DATA PROVIDED section start
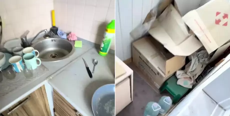 "Прихожа. Тут капці та бруд. Давайте підемо на кухню-вітальню. Пу-пу-пу. Тут у нас пил — брудно. Потрібно зробити хімчистку дивана. Тут — бруд. Тут — бруд. Телевізор перевіримо, чи працює. Хо-хо, а що на кухні вони робили? Стіни перефарбовувати потрібно… Мошки у відрі, його відразу можна викинути", — розповідає автор ролика.
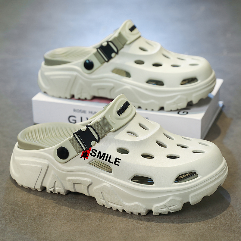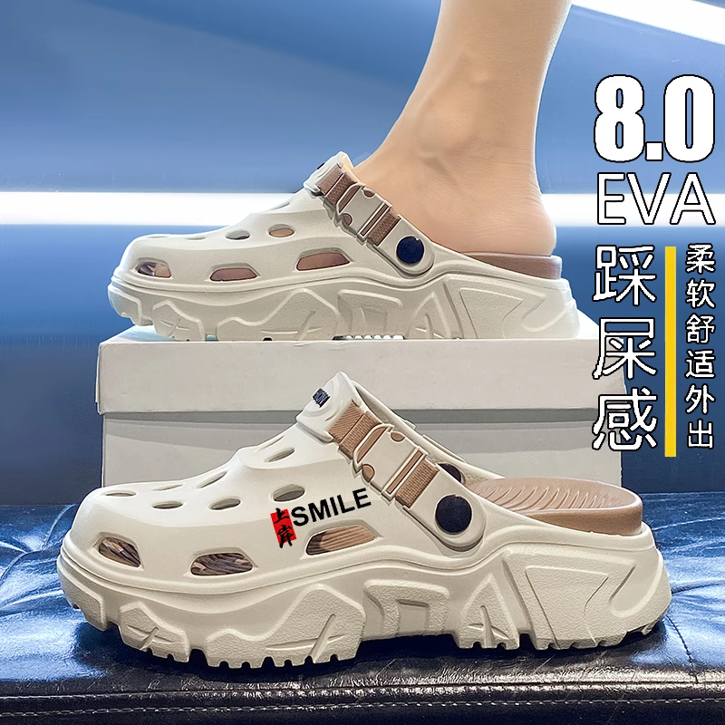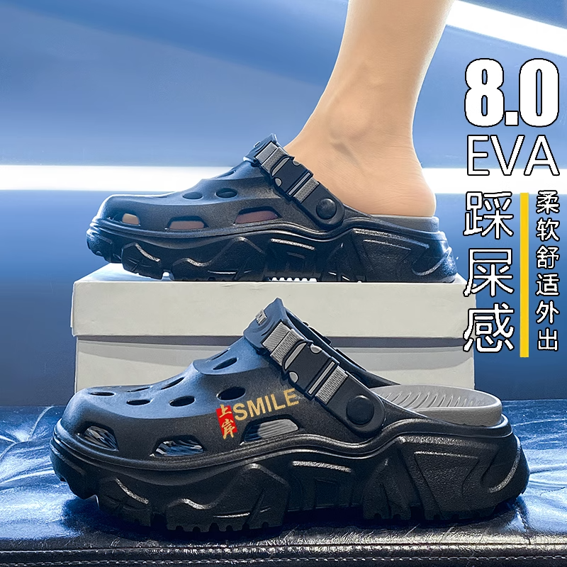 户外运动厚底增高海边沙滩凉鞋 外穿防滑防臭包头拖鞋 男夏季 洞洞鞋
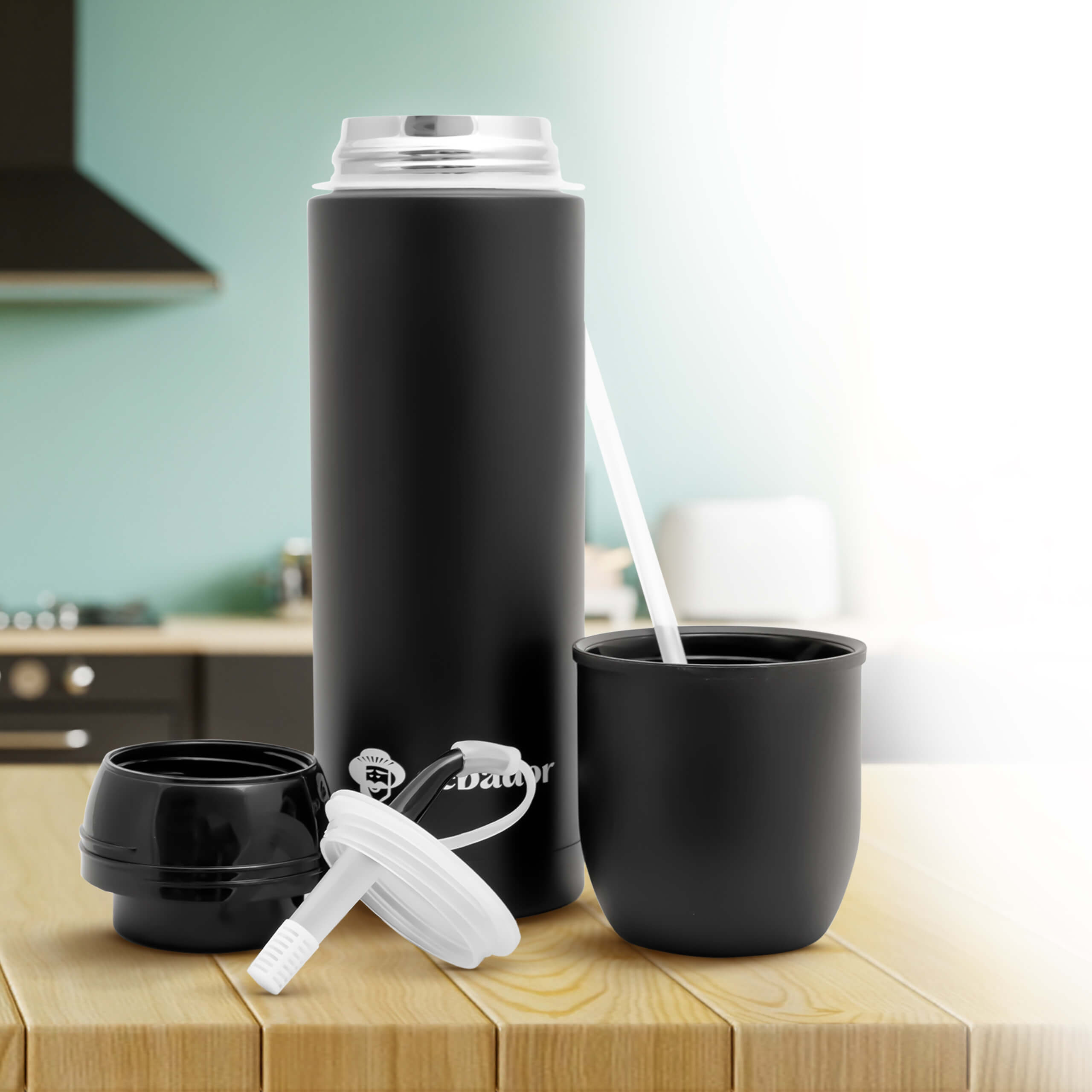 Ербомос ВСЕ В ОДНОМ выглядит как термос и фактически выполняет эту роль благодаря резервуару для воды с двойными стенками из нержавеющей стали, которые позволяют поддерживать температуру жидкости внутри до нескольких часов >! При этом, в отличие от обычных термососудов, аксессуар оснащен трубкой и специальным резервуаром для трав. Просто положите туда мате, любимые травы или чай, налейте туда воду, и через несколько мгновений вы приготовите чудесный ароматный настой без гущи (она удержится специальным ситечком)!
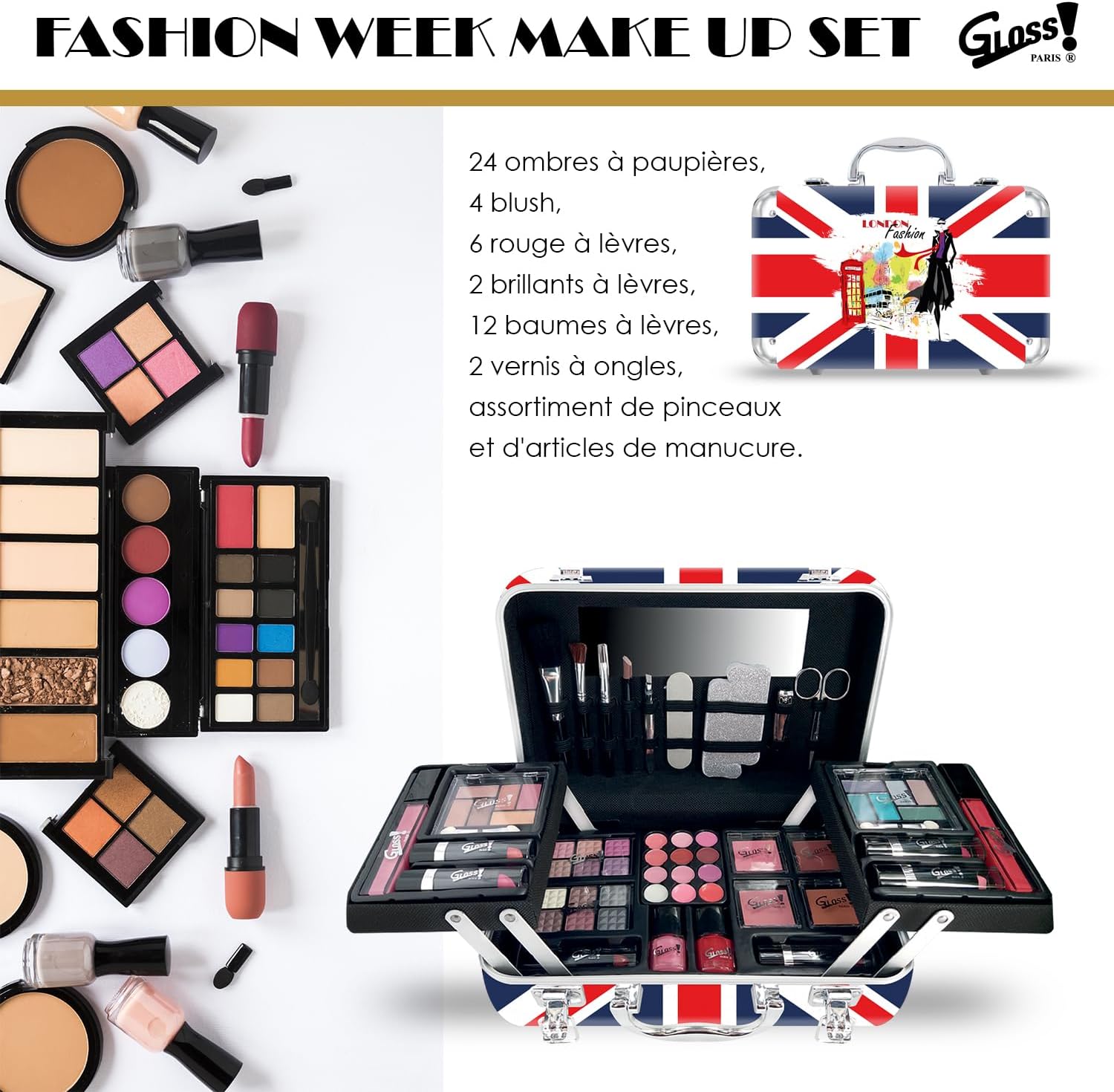 GLOSS! Travel XL make-uppalet voor dames, 60 stuks, blush, oogschaduw, lippenstift, nagellak, accessoires, opbergkoffer, cadeau-idee voor dames
DATA PROVIDED section end
# ACTIVITY
The data should be printed again unchanged; leave its pictures out.

# SOLUTION TO THIS TASK
 "Прихожа. Тут капці та бруд. Давайте підемо на кухню-вітальню. Пу-пу-пу. Тут у нас пил — брудно. Потрібно зробити хімчистку дивана. Тут — бруд. Тут — бруд. Телевізор перевіримо, чи працює. Хо-хо, а що на кухні вони робили? Стіни перефарбовувати потрібно… Мошки у відрі, його відразу можна викинути", — розповідає автор ролика.
 户外运动厚底增高海边沙滩凉鞋 外穿防滑防臭包头拖鞋 男夏季 洞洞鞋
 Ербомос ВСЕ В ОДНОМ выглядит как термос и фактически выполняет эту роль благодаря резервуару для воды с двойными стенками из нержавеющей стали, которые позволяют поддерживать температуру жидкости внутри до нескольких часов >! При этом, в отличие от обычных термососудов, аксессуар оснащен трубкой и специальным резервуаром для трав. Просто положите туда мате, любимые травы или чай, налейте туда воду, и через несколько мгновений вы приготовите чудесный ароматный настой без гущи (она удержится специальным ситечком)!
 GLOSS! Travel XL make-uppalet voor dames, 60 stuks, blush, oogschaduw, lippenstift, nagellak, accessoires, opbergkoffer, cadeau-idee voor dames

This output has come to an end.